▶ **About this exercise**
For the data below, transcribe the part that opens with the line containing "Funny cute cow" and closes with the line containing "いつもの生せっけんとは少し違", exactly and with no pictures.

[Collected data entries]

========

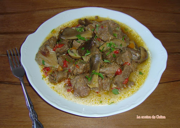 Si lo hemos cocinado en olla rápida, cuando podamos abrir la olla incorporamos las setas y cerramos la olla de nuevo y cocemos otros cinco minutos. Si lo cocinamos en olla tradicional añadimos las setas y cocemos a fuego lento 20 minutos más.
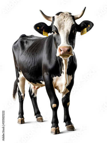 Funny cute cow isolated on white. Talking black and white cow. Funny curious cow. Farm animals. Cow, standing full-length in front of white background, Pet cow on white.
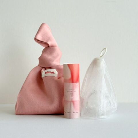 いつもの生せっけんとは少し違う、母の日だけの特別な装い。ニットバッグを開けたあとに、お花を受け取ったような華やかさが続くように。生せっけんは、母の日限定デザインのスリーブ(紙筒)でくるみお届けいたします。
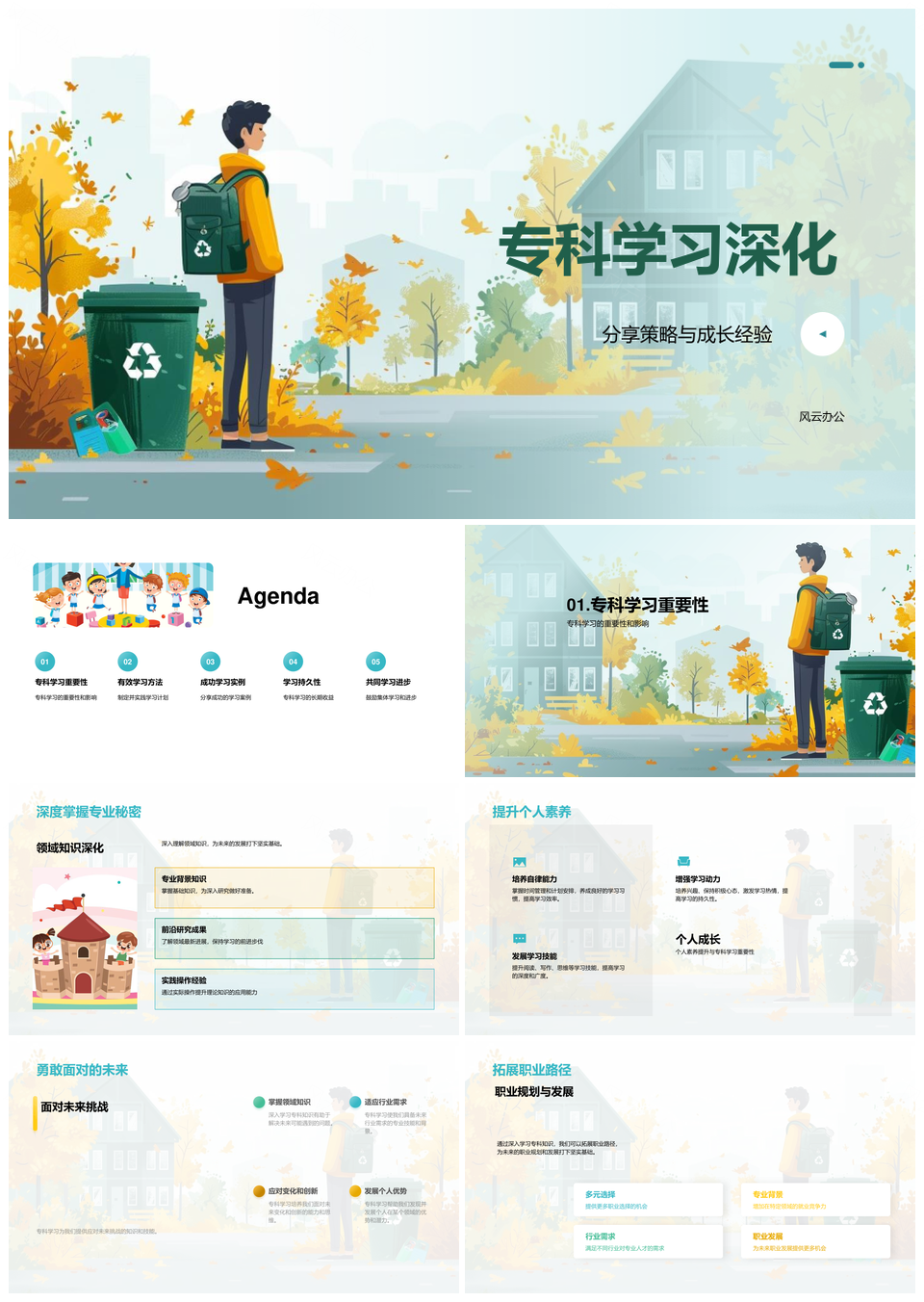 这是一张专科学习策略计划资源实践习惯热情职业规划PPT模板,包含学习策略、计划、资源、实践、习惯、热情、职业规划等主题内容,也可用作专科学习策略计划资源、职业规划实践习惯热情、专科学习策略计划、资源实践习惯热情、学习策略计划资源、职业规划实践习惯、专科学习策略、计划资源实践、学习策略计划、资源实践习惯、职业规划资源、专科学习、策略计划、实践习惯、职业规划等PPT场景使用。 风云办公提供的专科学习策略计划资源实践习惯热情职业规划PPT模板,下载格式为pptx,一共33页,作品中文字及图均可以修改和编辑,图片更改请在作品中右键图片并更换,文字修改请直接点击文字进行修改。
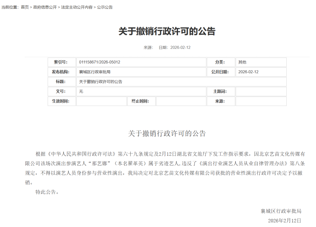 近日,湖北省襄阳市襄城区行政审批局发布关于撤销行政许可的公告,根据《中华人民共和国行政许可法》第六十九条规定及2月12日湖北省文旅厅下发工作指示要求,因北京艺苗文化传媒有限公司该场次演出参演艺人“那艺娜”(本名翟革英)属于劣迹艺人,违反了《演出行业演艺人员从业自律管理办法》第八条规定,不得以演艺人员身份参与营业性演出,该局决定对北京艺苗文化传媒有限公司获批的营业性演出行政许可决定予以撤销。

========

▶ **Result for this task**
 Funny cute cow isolated on white. Talking black and white cow. Funny curious cow. Farm animals. Cow, standing full-length in front of white background, Pet cow on white.
 いつもの生せっけんとは少し違う、母の日だけの特別な装い。ニットバッグを開けたあとに、お花を受け取ったような華やかさが続くように。生せっけんは、母の日限定デザインのスリーブ(紙筒)でくるみお届けいたします。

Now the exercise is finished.